(EXERCISE MATERIAL Opens)

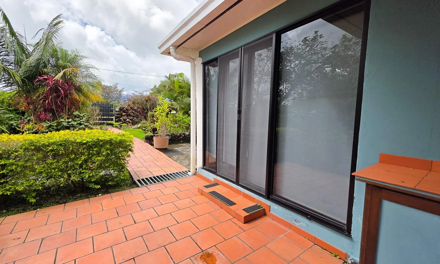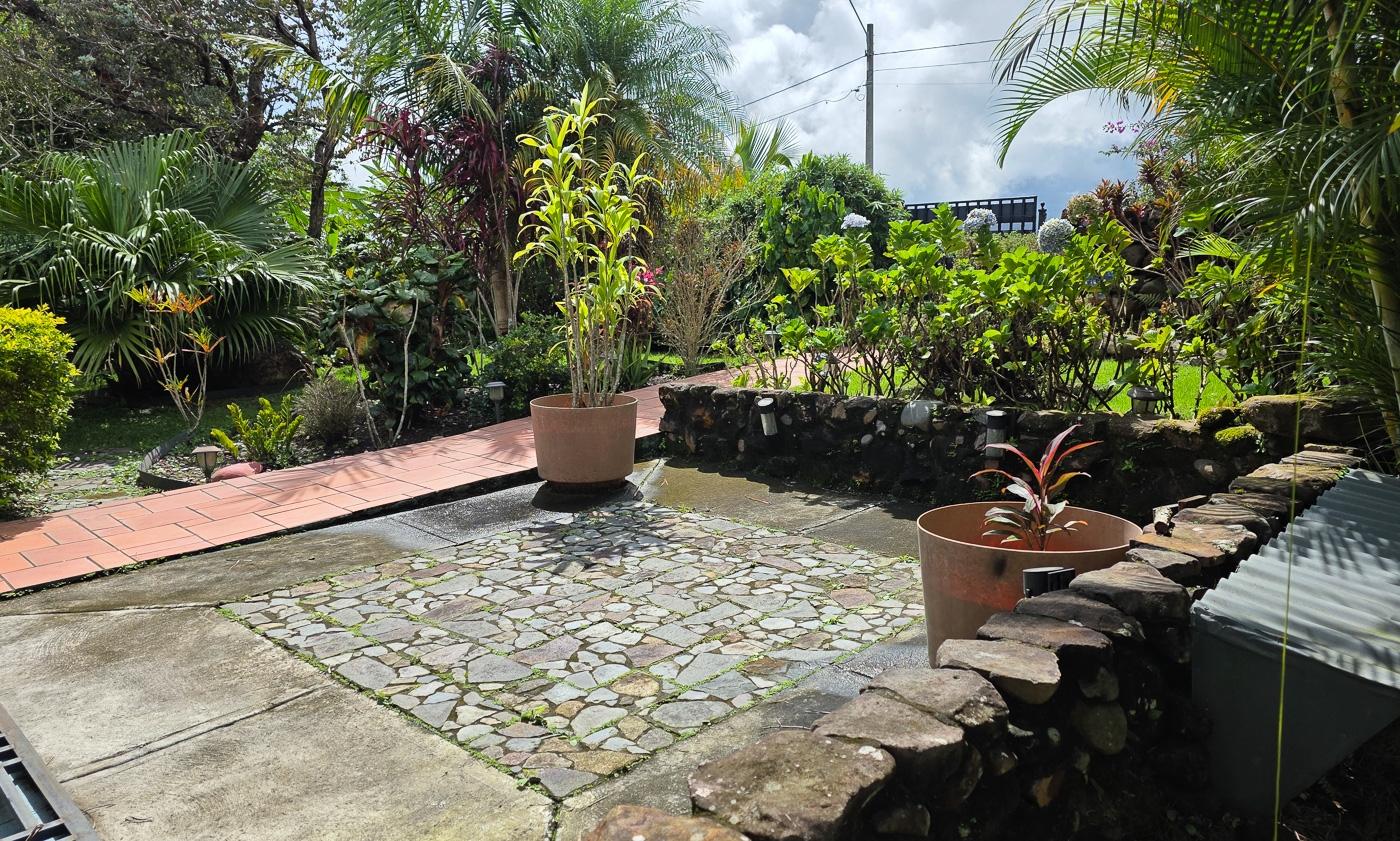 Al entrar desde un patio cubierto, se accede a la sala de estar, comedor y cocina, que se abren a un hermoso solárium. Una puerta que atraviesa la cocina invita a un hermoso solárium, que invita a relajarse un rato más con un café. La cocina fue cuidadosamente diseñada con un acceso al solárium y una barra frente a la sala de estar. Al final del pasillo encontrará un dormitorio y un baño, y luego el dormitorio principal con baño en suite. En el exterior, el jardín maduro es un cuento de hadas viviente: exuberante, colorido y rebosante de vida. Las mariposas bailan entre las flores, los colibríes tararean sus suaves canciones y los árboles frutales se extienden perezosamente hacia el cielo. Justo enfrente de un tranquilo parque, el cañón se despliega como un cuento de hadas a la puerta de su casa. Más allá del parque, el majestuoso Volcán Barú se alza a lo lejos, realzando la vista del jardín.
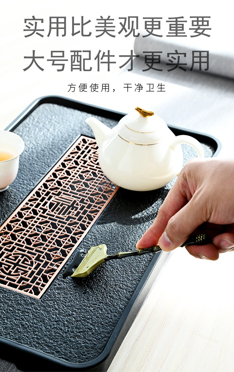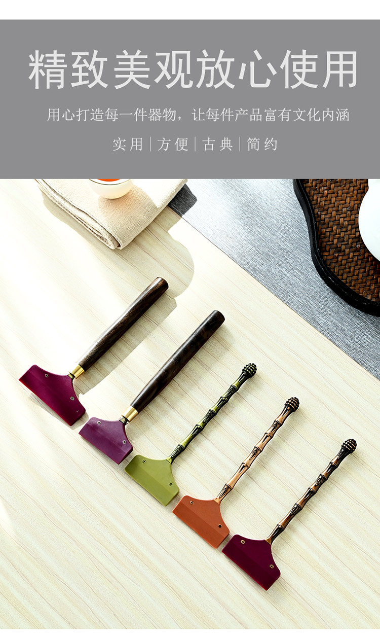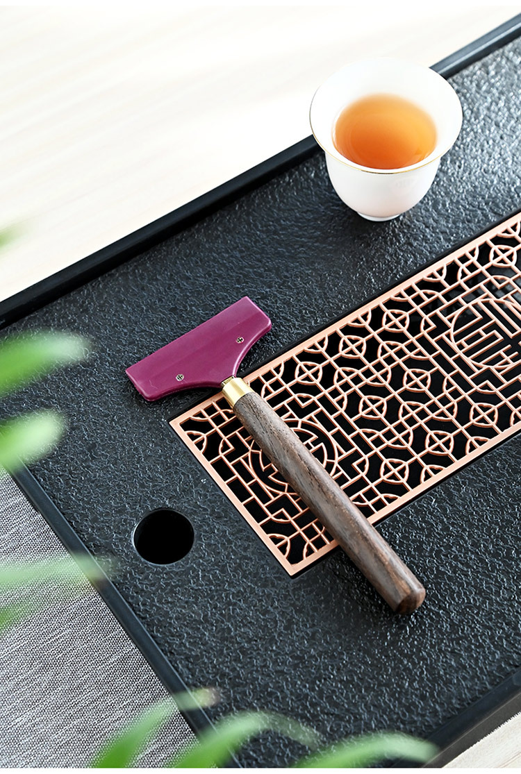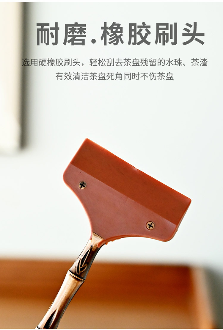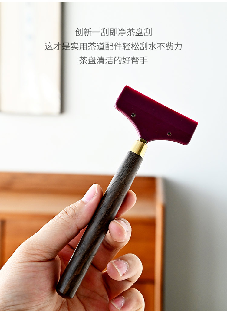 黑檀木铜头茶盘茶水刮合金茶刮硅胶清洁用品桌面茶刷刮水板茶道配
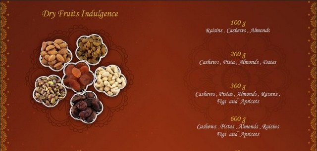 Menu -  Considering the diversity in team our product has multiple choices to select and customize. This includes dry fruits, sweets, savories.
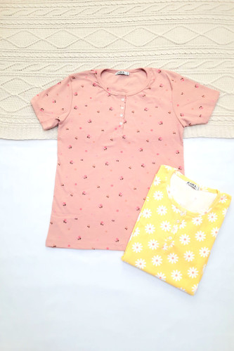 سه تیکه طرح کاکتوس (تیشرت،شلوارک و تاپ) جنس اسپان دارای کشسانی فری سایز
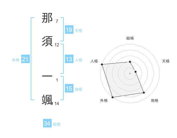 那須 一颯さんの天格は19画の1点!
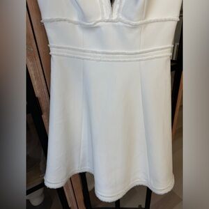Cinq a Sept mini dress Aurora Fringe V Neck A Line bride bridal scuba flare
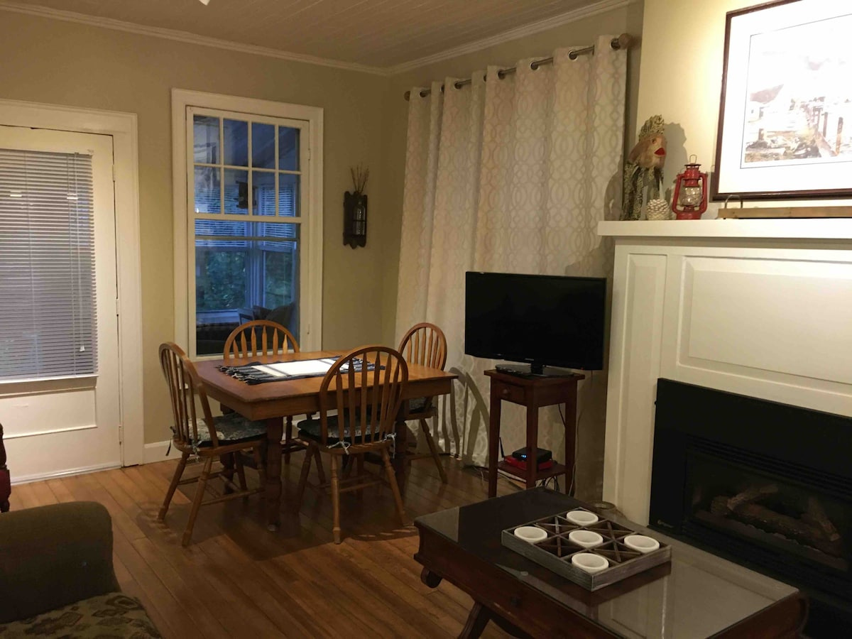 こちらのユニークで静かな4シーズン、2ベッドルームの宿泊先で、ごゆっくりおくつろぎください。 大きな湖とすべてのアメニティに近いです。ビーチまで歩いて行けるほど近く、飲食店へのアクセスも簡単です。すぐ近くに野球場と遊び場があります。大きなプライベートの木の裏庭、遊ぶスペース、ハンモックを掛けるエリア、2つのデッキ、バーベキュー、ダイニングエリア。 公園のような環境の中で、自分のキャンプファイヤーでマシュマロを焼きましょう。静かで平穏なプライベートなアウトドアの休暇。カップルや小さな家族に最適です。
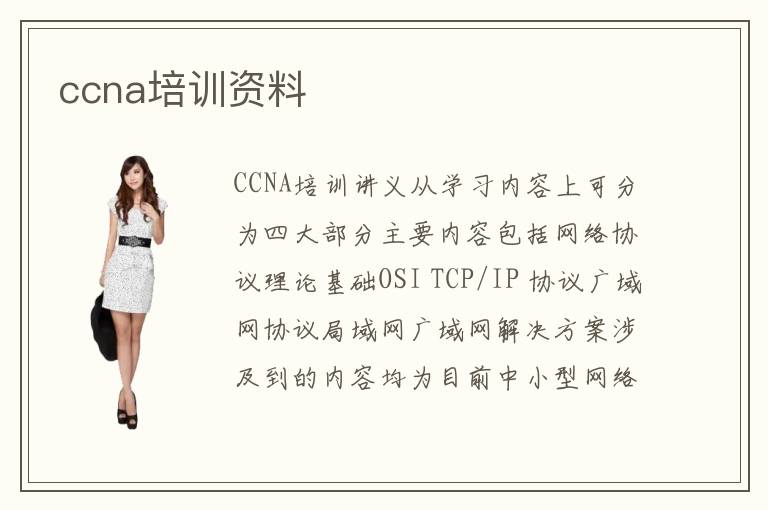 CCNA培訓講義從學習內(nèi)容上可分為四大部分主要內(nèi)容包括網(wǎng)絡(luò)協(xié)議理論基礎(chǔ)OSI TCP/IP 協(xié)議廣域網(wǎng)協(xié)議局域網(wǎng)廣域網(wǎng)解決方案涉及到的內(nèi)容均為目前中小型網(wǎng)絡(luò)解決方案中所必需
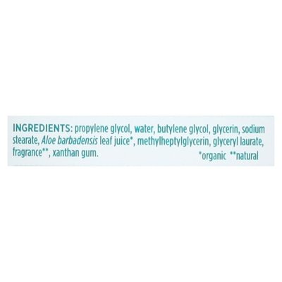 INGREDIENTS: Propylene Glycol, Water, Butylene Glycol, Glycerin, Sodium Stearate, Aloe Barbadensis Leaf Juice (Organic), Methylheptylglycerin, Glyceryl Laurate, Fragrance (Natural), Xanthan Gum.
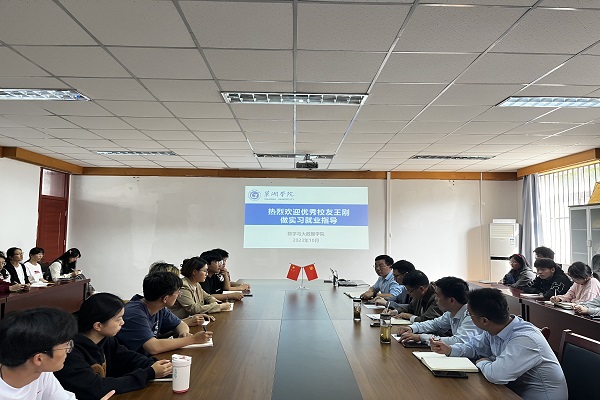为推动就业实习工作扎实有序开展,引导学生树立正确的就业观和择业观,数学与大数据学院于10月14日下午在笃行楼203会议室召开优秀校友就业指导交流会。本次交流会荣幸邀请了2009届校友王刚、2011届校友孙中博作为嘉宾,分享就业经验,畅谈求职感悟。会议由学院党委书记史国东主持,副院长陈佩树、副书记郝江锋、副院长彭维才及学生代表参会。
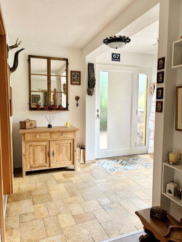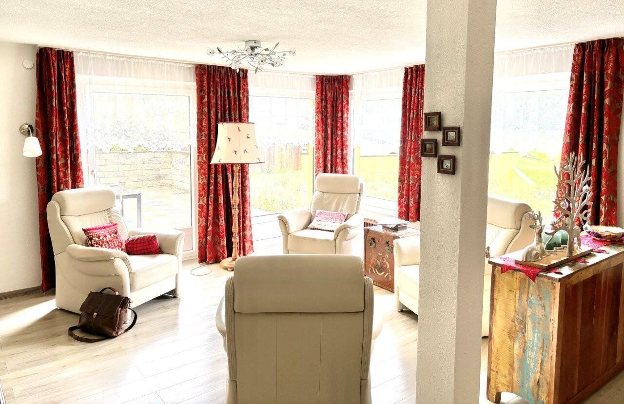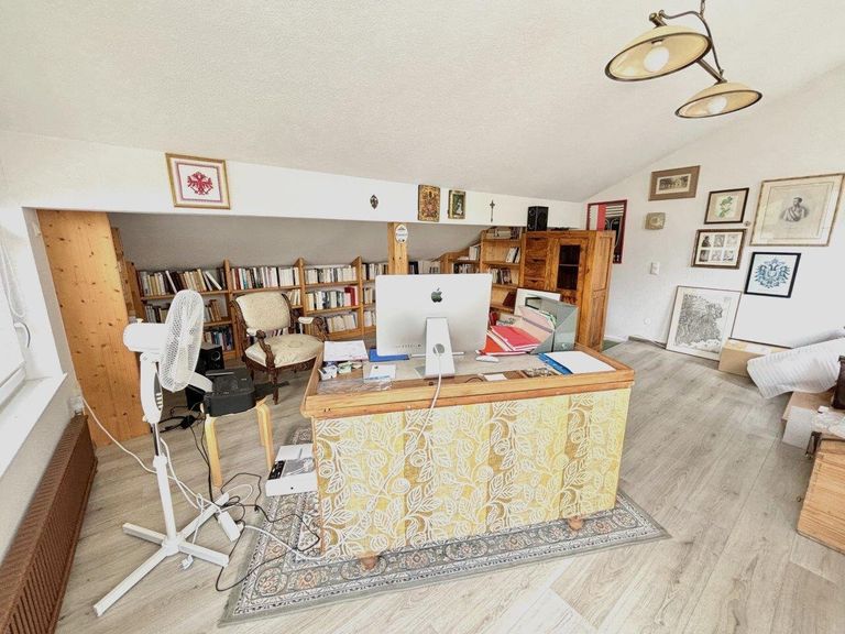 Das Haus wird teilmöbliert verkauft. Eine Einbauküche, 2 Badeinrichtungen, ein Büro, Schlafräume, werden mitverkauft. Eine Terrasse und ein Balkon laden zum Frühstück in der Morgensonne. Direkt oberhalb des Wohnzimmers gibt es ein Büro für Homeoffice mit einer kleinen Bibliothek.

(EXERCISE MATERIAL Closes)

* **EXERCISE BRIEF**: The result should be every line of the data, reproduced exactly, with the images removed.

* **REPLY TO THE TASK**:
 Al entrar desde un patio cubierto, se accede a la sala de estar, comedor y cocina, que se abren a un hermoso solárium. Una puerta que atraviesa la cocina invita a un hermoso solárium, que invita a relajarse un rato más con un café. La cocina fue cuidadosamente diseñada con un acceso al solárium y una barra frente a la sala de estar. Al final del pasillo encontrará un dormitorio y un baño, y luego el dormitorio principal con baño en suite. En el exterior, el jardín maduro es un cuento de hadas viviente: exuberante, colorido y rebosante de vida. Las mariposas bailan entre las flores, los colibríes tararean sus suaves canciones y los árboles frutales se extienden perezosamente hacia el cielo. Justo enfrente de un tranquilo parque, el cañón se despliega como un cuento de hadas a la puerta de su casa. Más allá del parque, el majestuoso Volcán Barú se alza a lo lejos, realzando la vista del jardín.
 黑檀木铜头茶盘茶水刮合金茶刮硅胶清洁用品桌面茶刷刮水板茶道配
 Menu -  Considering the diversity in team our product has multiple choices to select and customize. This includes dry fruits, sweets, savories.
 سه تیکه طرح کاکتوس (تیشرت،شلوارک و تاپ) جنس اسپان دارای کشسانی فری سایز
 那須 一颯さんの天格は19画の1点!
Cinq a Sept mini dress Aurora Fringe V Neck A Line bride bridal scuba flare
 こちらのユニークで静かな4シーズン、2ベッドルームの宿泊先で、ごゆっくりおくつろぎください。 大きな湖とすべてのアメニティに近いです。ビーチまで歩いて行けるほど近く、飲食店へのアクセスも簡単です。すぐ近くに野球場と遊び場があります。大きなプライベートの木の裏庭、遊ぶスペース、ハンモックを掛けるエリア、2つのデッキ、バーベキュー、ダイニングエリア。 公園のような環境の中で、自分のキャンプファイヤーでマシュマロを焼きましょう。静かで平穏なプライベートなアウトドアの休暇。カップルや小さな家族に最適です。
 CCNA培訓講義從學習內(nèi)容上可分為四大部分主要內(nèi)容包括網(wǎng)絡(luò)協(xié)議理論基礎(chǔ)OSI TCP/IP 協(xié)議廣域網(wǎng)協(xié)議局域網(wǎng)廣域網(wǎng)解決方案涉及到的內(nèi)容均為目前中小型網(wǎng)絡(luò)解決方案中所必需
 INGREDIENTS: Propylene Glycol, Water, Butylene Glycol, Glycerin, Sodium Stearate, Aloe Barbadensis Leaf Juice (Organic), Methylheptylglycerin, Glyceryl Laurate, Fragrance (Natural), Xanthan Gum.
为推动就业实习工作扎实有序开展,引导学生树立正确的就业观和择业观,数学与大数据学院于10月14日下午在笃行楼203会议室召开优秀校友就业指导交流会。本次交流会荣幸邀请了2009届校友王刚、2011届校友孙中博作为嘉宾,分享就业经验,畅谈求职感悟。会议由学院党委书记史国东主持,副院长陈佩树、副书记郝江锋、副院长彭维才及学生代表参会。
 Das Haus wird teilmöbliert verkauft. Eine Einbauküche, 2 Badeinrichtungen, ein Büro, Schlafräume, werden mitverkauft. Eine Terrasse und ein Balkon laden zum Frühstück in der Morgensonne. Direkt oberhalb des Wohnzimmers gibt es ein Büro für Homeoffice mit einer kleinen Bibliothek.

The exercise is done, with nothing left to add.